The book is broken up into four sections: How I Live and Work; Staging Posts; Heady Days: Revolutions and Civil Wars; and Artists Remembered. 

Each has a handful of essays, and there are all fascinating. Teffi introduces herself and her writing career with a background on her family upbringing and her early attempts at publication. These are a great foundation for understanding her later interactions with other writers and famous residents of Moscow. 

The second section is a series of her popular essays about her life in Russia; these pieces were interesting and charmingly written. But the strongest part of the book, at least for this reader, were here essays about her encounters with Lenin (a cunning man with no interest in beauty or culture); with Tolstoy (she met him as a young 13 yr old as was so overcome she couldn't speak, just asked for an autograph and left, embarrassed); and Rasputin. Of course Rasputin still holds a fascination for modern day readers, nearly as strong as when he was alive and manipulating the Russian court. Teffi sees right through him and thinks him a rather pathetic and dirty man -- she states that he was a mesmerist and used touch to convince people of his instructions. And he was a womanizer; he tries to tell Teffi that she will come to him that week, touching her shoulder, but she says no she won't, and he recoils. She is convinced it is because his mesmeric power, having been rejected, bounces back at him painfully. It's a fascinating essay, drawing a picture of this strangely influential oddball in the pre-Revolution days. He was so polarizing that she says there were signs in people's houses when you went to dinner stating "In this house, we don't talk about Rasputin". 

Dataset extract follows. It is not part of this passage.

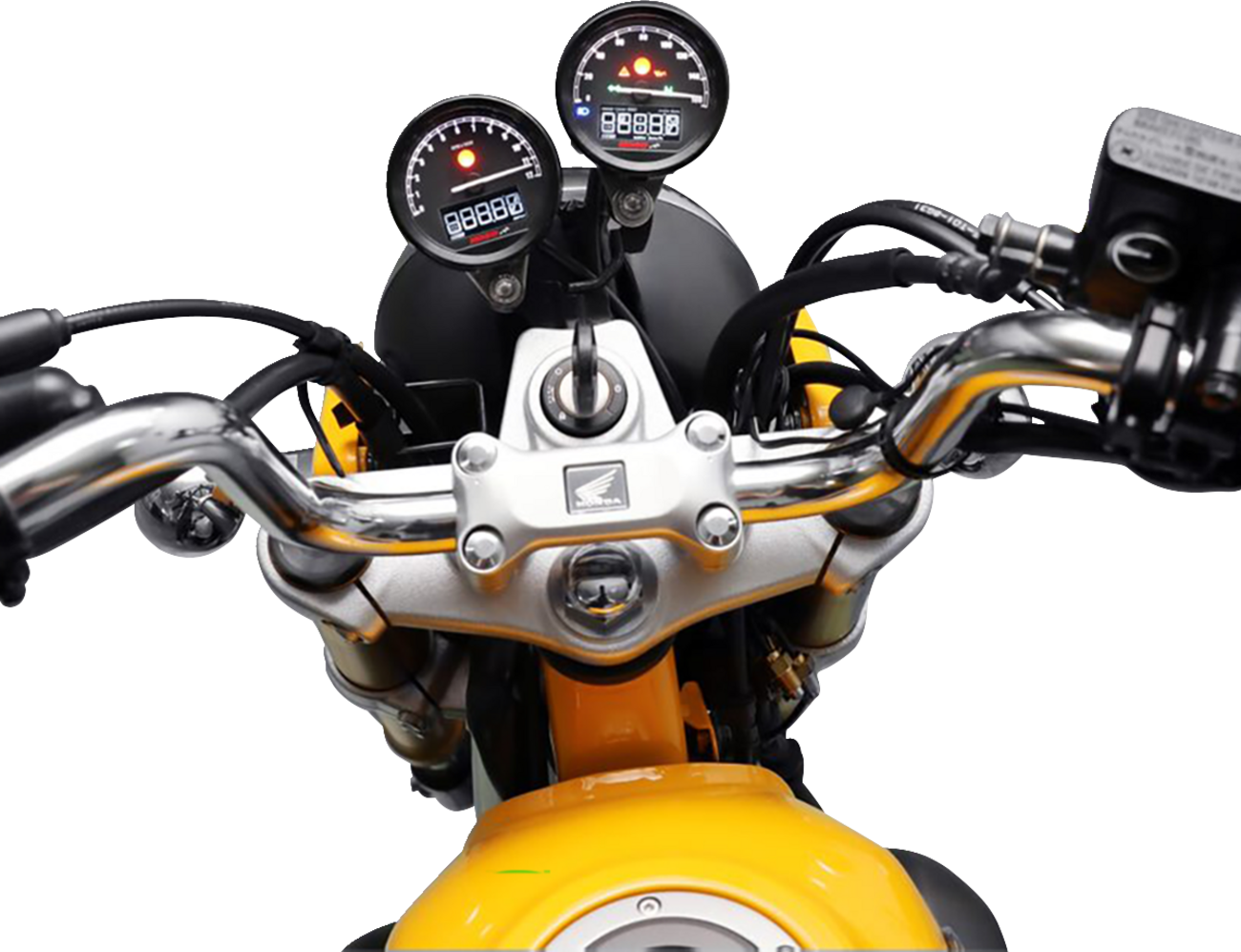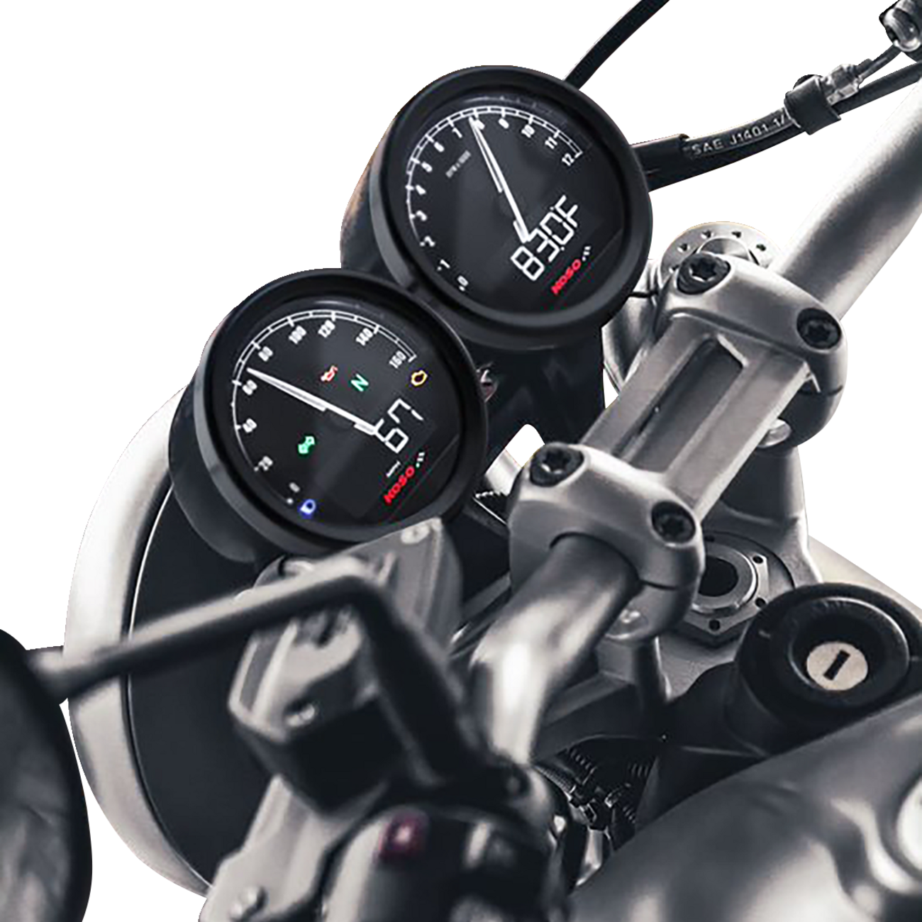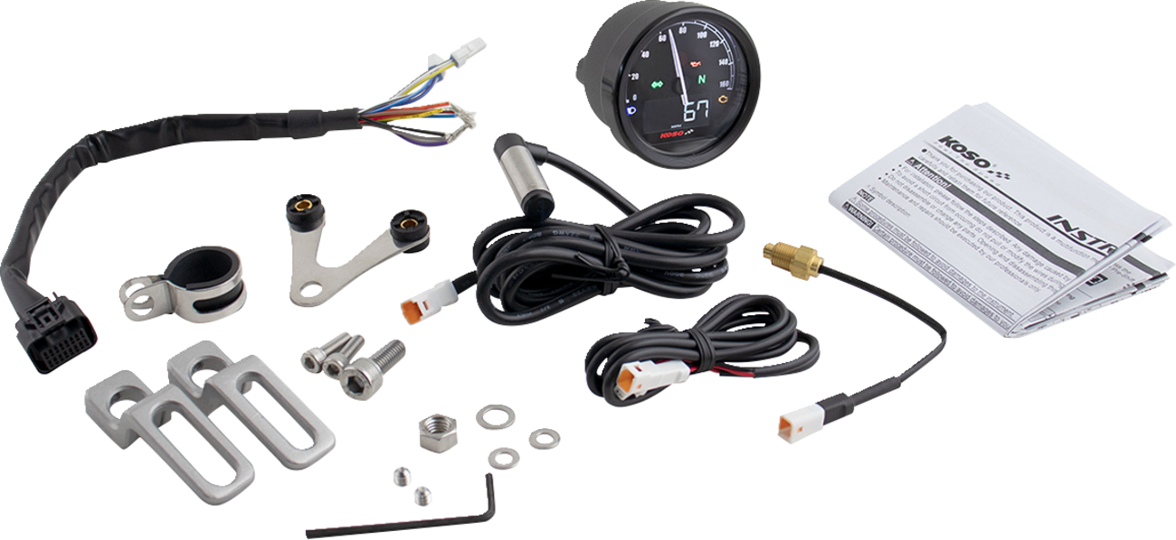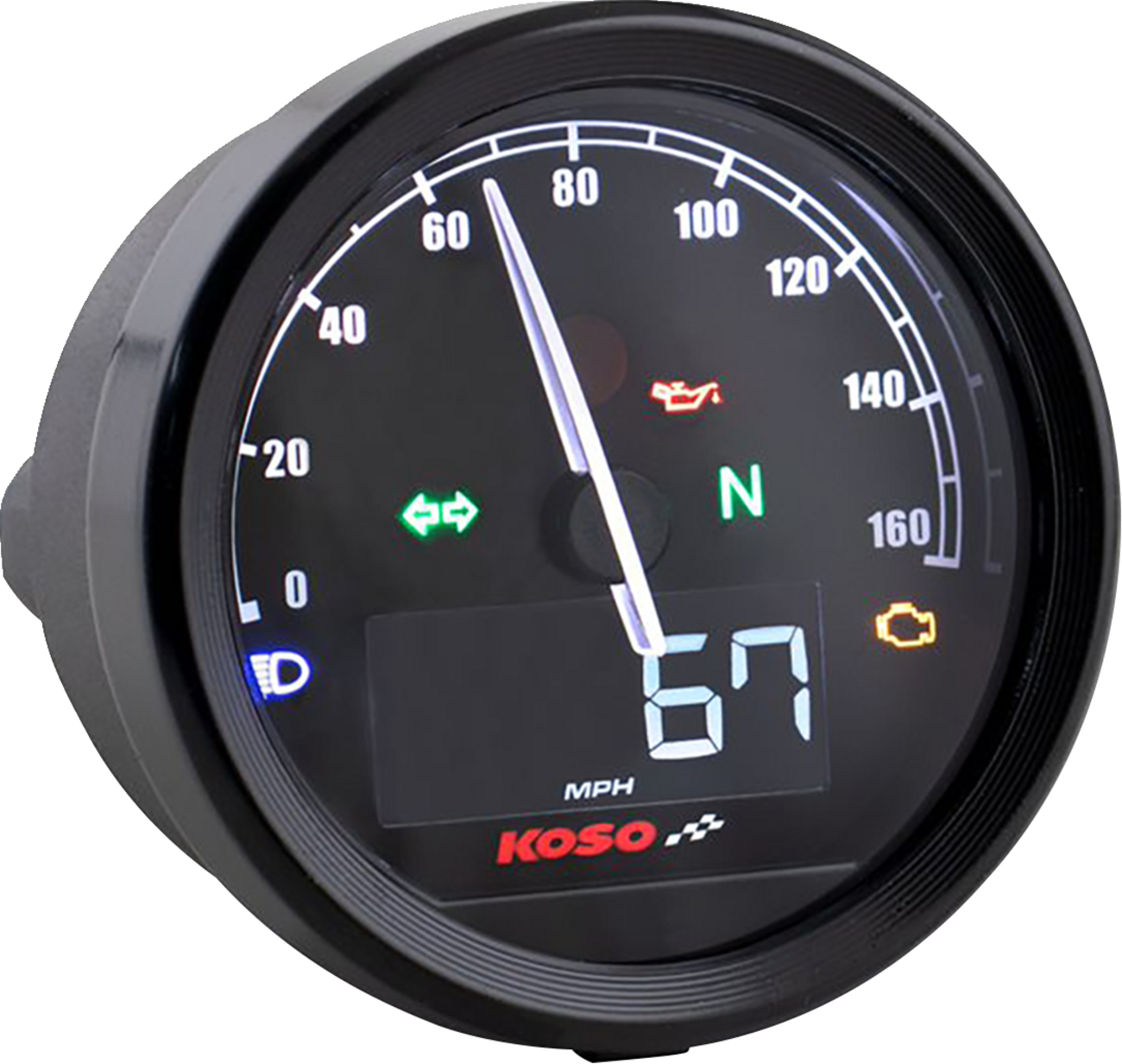 Eight-color changeable LCD displayEasy to read in all light conditions with backlit designSpeedometer measures speed from 0-100 mph (0-160 km/h) with optional programmable over-speed warning light Speedometer features all necessary information: odometer, trip meter, thermometer, high temperature warning, fuel meter, low fuel warning, clock, volt meter, and moreIt's compact LCD display is very easy to read even in the darkest conditionsD80 multi-meter features digital speedometer (up to 225 mph) and analog tachometer that measures RPM up to 8000

Part Three of the book contains the essay about Rasputin, and other revolutionary topics. Here we find her most serious and darkest essay, The Gadarene Swine, which is not leavened by her usual sarcasm or irony, rather it's a fully depressing look at society in turmoil. 

The final section of the book looks at other writers -- here is her essay on meeting Tolstoy -- and the other established authors she knew well. 

All together it gives a picture of the life of a literary woman who was well connected and committed to the arts, and if not for the upheaval of her society she probably would have ended up as one of the big names of her era in a traditional sense. But her observing eye took on all that was around her and so we can see these years of revolution from the inside. 

I'll definitely be looking for her book Memories: from Moscow to the Black Sea, which is supposed to be even better.